TAPIOU, entrant du troisième plan gauche, avec une jarretière rose à la main. À Colombe.

Mam’zelle… voici ce qui est tombé de dessous votre robe…

COLOMBE.

Ma jarretière !

TAPIOU, avec passion.

Je la garde ! je la garde !

GINGINET.

Vingt-quatre !… Voilà notre guichet… (On entend sonner quatre heures.)

BERNARDON.

Impossible d’improviser avec une plume de fer ! (Il se lève.)

JULES, se levant.

Pour faire un discours… il n’y a encore que la plume d’oie !…
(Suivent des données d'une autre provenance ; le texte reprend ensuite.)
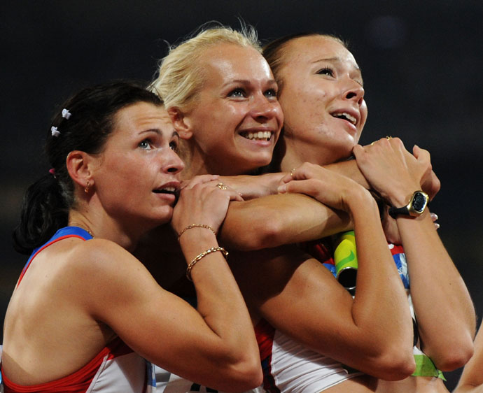 8月22日,俄羅斯隊選手在比賽后觀看成績。當(dāng)日,俄羅斯隊在北京奧運會女子4X100米接力決賽中以42秒31的成績奪得金牌。

GINGINET, passant son bordereau par le guichet numéro vingt-quatre.

Monsieur l’employé…

L’EMPLOYÉ, lui renvoyant son bordereau.

Quatre heures !… la caisse est fermée…[26]

GINGINET.

Fermée ! Je proteste ! (Tous les figurants se précipitent aux différents guichets, qui se ferment.)

TOUS.

Fermé ! fermé !

GINGINET.

Je proteste, mais j’ai besoin de mon argent ! Je pars ce soir… (À Bernardon.) Monsieur l’employé supérieur…

BERNARDON.

Remettez-moi une note !

JULES, à Ginginet.

Portez vos coupons chez Monteaux et Lunel… boulevard Montmartre.

GINGINET.

Je ne vous parle pas, monsieur !… Quel numéro ?

JULES.

Dix-sept.

GINGINET.

Merci ! (À part.) Polisson !

TAPIOU, faisant sortir la foule.

Allons ! évacuez, messieurs !… évacuez !

CHŒUR.

Puisque aujourd’hui la caisse
Se ferme soudain,
Il faut sans paresse
Revenir demain.


  1. Toutes les indications sont prises de la gauche du spectateur. Les acteurs sont placés comme en tête de chaque scène ; les changement de position sont indiqués par des renvois au bas des pages.
  2. Tapiou, Actionnaires, 2 Actionnaires, Actionnaires.
  3. Tapiou, le Monsieur, la Paysanne.
  4. Tapiou, la Paysanne.
  5. Tapiou, Pauline, Actionnaires à la table.
  6. Le Monsieur, Tapiou.
  7. Tapiou, Lucien, Jules.
  8. Tapiou, Jules, Lucien.
  9. Tapiou, une Vieille Dame, Jules, une Jeune Dame sur le banc à droite, un Monsieur au guichet du fond à droite.
  10. Tapiou, une Vieille Dame, Jules, un Vieux Monsieur.
  11. Tapiou, Bernardon.
  12. Tapiou, Bernardon, Pauline.
  13. Tapiou, Pauline, Bernardon.
  14. Tapiou, Bernardon, Lucien.
  15. Tapiou, Bernardon, Ginginet, Colombe (au 2e plan), Jenny, Clémence.
  16. Ginginet, Bernardon, Clémence, Jenny, Colombe.
  17. Tapiou, Ginginet, Jenny à la table de gauche, Colombe et Clémence à la table de droite.
  18. Clémence, Jenny, Ginginet, Jules, Colombe.
  19. Clémence, Ginginet, Jules (assis), Jenny, Colombe.
  20. Clémence, Ginginet, Jenny, Courtevoil, Colombe.
  21. Tapiou, Courtevoil, Clémence, Jenny, Ginginet, Jules, Colombe.
  22. Jenny, Clémence, Colombe, Ginginet, Jules, Courtevoil.
  23. Bernardon, Jules.
  24. Jules, Bernardon.
  25. Jules et Bernardon (à la table du milieu), Clémence, Jenny.
  26. Clémence, Jenny, Ginginet, Jules, Bernardon, Tapiou, Colombe.